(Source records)

──────────────────────────────

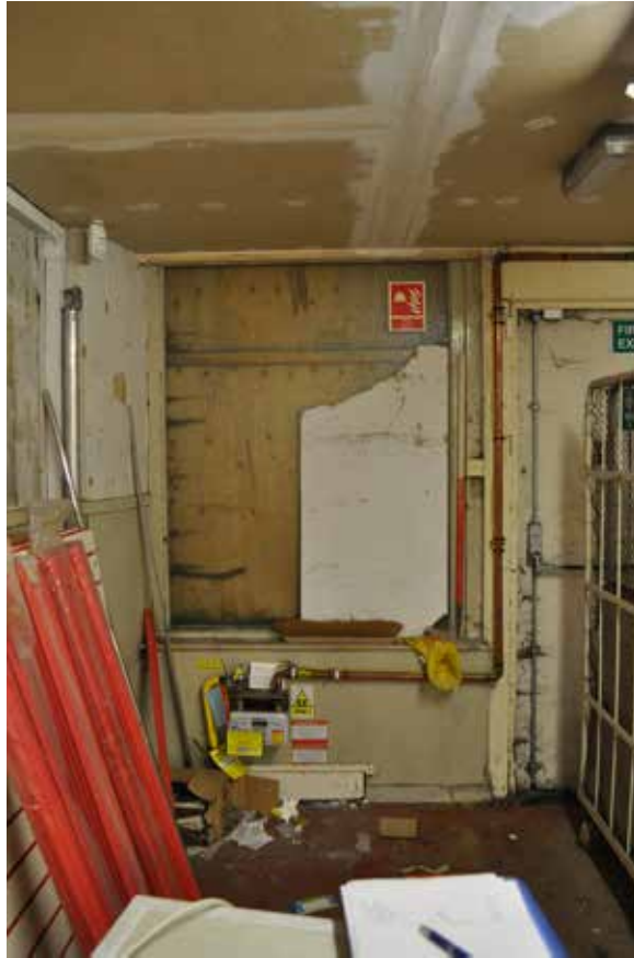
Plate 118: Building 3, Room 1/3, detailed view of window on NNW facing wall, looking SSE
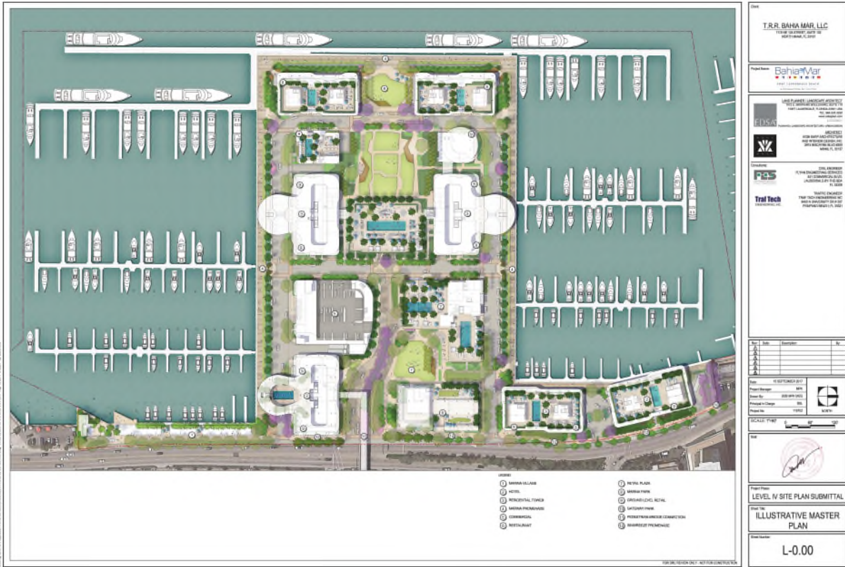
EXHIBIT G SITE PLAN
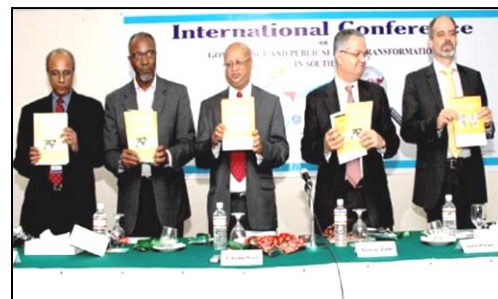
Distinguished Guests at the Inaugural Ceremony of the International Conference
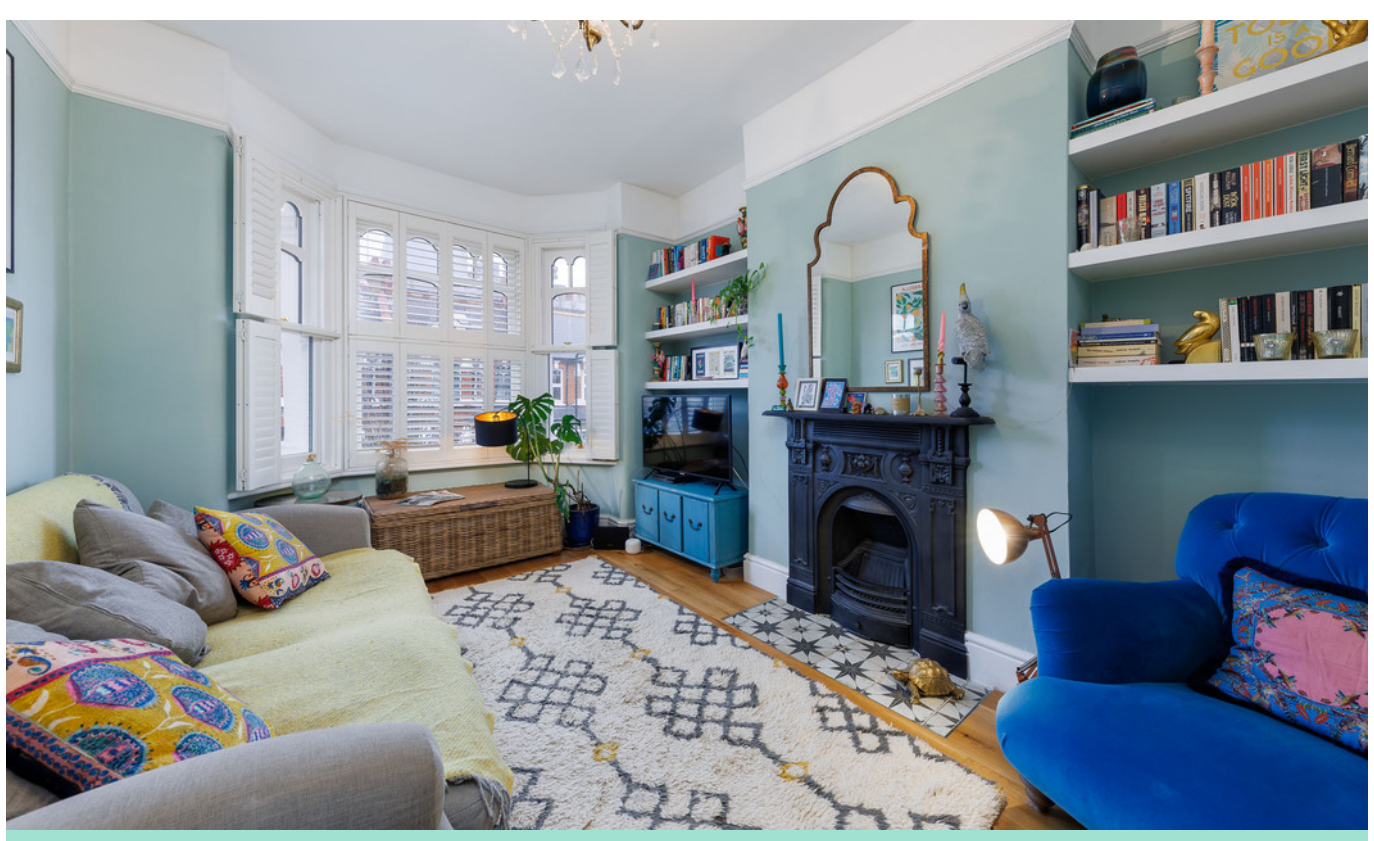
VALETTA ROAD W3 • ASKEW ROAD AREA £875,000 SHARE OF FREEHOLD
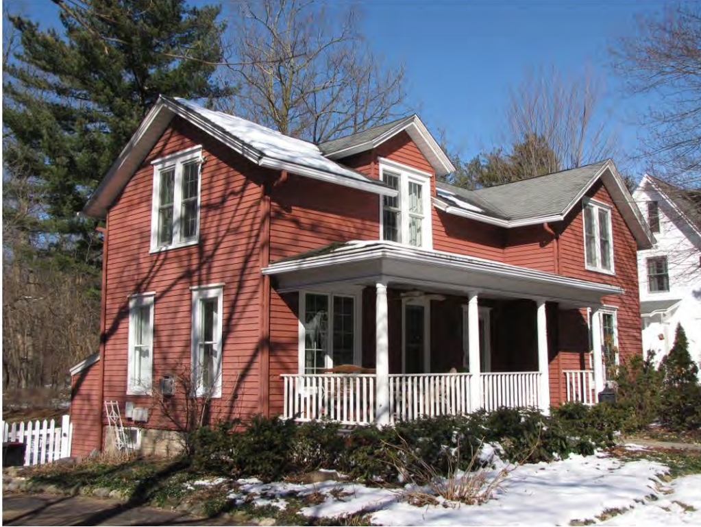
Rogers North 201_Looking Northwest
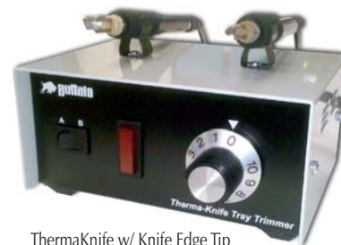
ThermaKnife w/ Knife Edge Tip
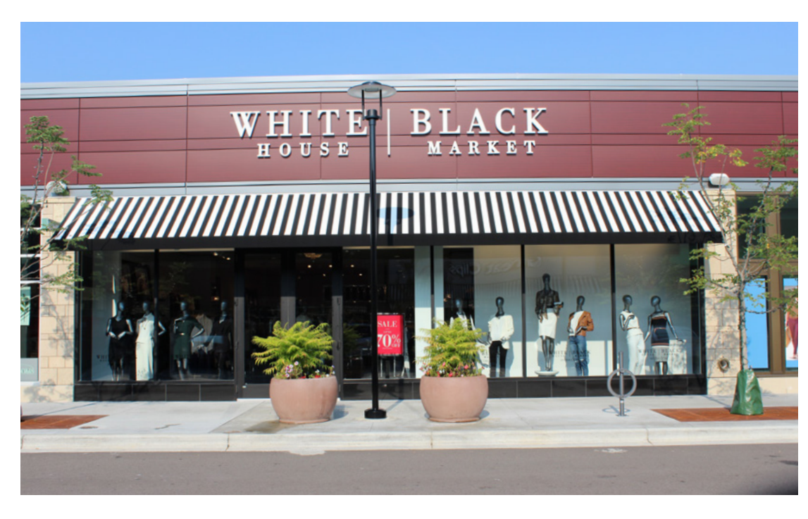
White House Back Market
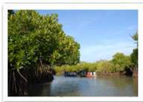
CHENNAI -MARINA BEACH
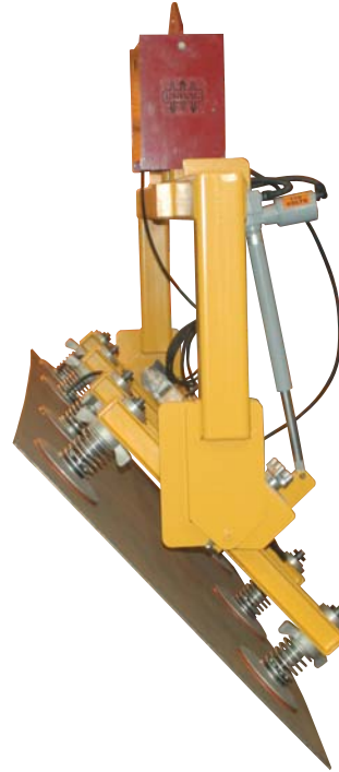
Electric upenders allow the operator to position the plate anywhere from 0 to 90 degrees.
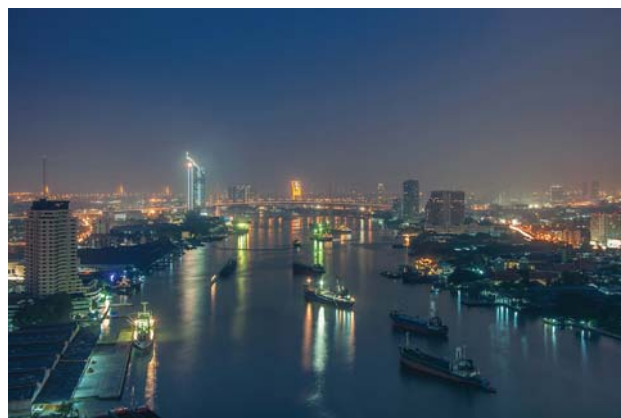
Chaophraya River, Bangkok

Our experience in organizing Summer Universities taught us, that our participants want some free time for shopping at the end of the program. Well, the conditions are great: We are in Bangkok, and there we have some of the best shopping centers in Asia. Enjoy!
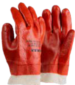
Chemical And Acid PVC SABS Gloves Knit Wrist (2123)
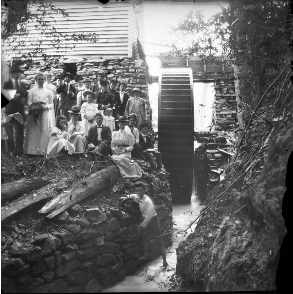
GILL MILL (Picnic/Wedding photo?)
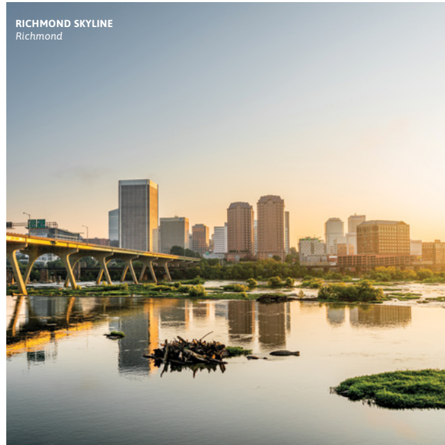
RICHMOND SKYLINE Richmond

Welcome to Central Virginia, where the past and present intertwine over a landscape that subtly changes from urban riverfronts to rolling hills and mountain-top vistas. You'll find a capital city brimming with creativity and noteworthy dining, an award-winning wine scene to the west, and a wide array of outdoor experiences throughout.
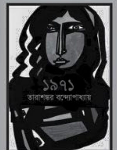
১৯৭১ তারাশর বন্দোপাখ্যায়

──────────────────────────────

What needs to be done —
Exclude the pictures and write out exactly the lines from the one holding "RICHMOND SKYLINE Richmond" through the end of the entries, inclusive, and only those.

Reply to the exercise —
RICHMOND SKYLINE Richmond

Welcome to Central Virginia, where the past and present intertwine over a landscape that subtly changes from urban riverfronts to rolling hills and mountain-top vistas. You'll find a capital city brimming with creativity and noteworthy dining, an award-winning wine scene to the west, and a wide array of outdoor experiences throughout.
১৯৭১ তারাশর বন্দোপাখ্যায়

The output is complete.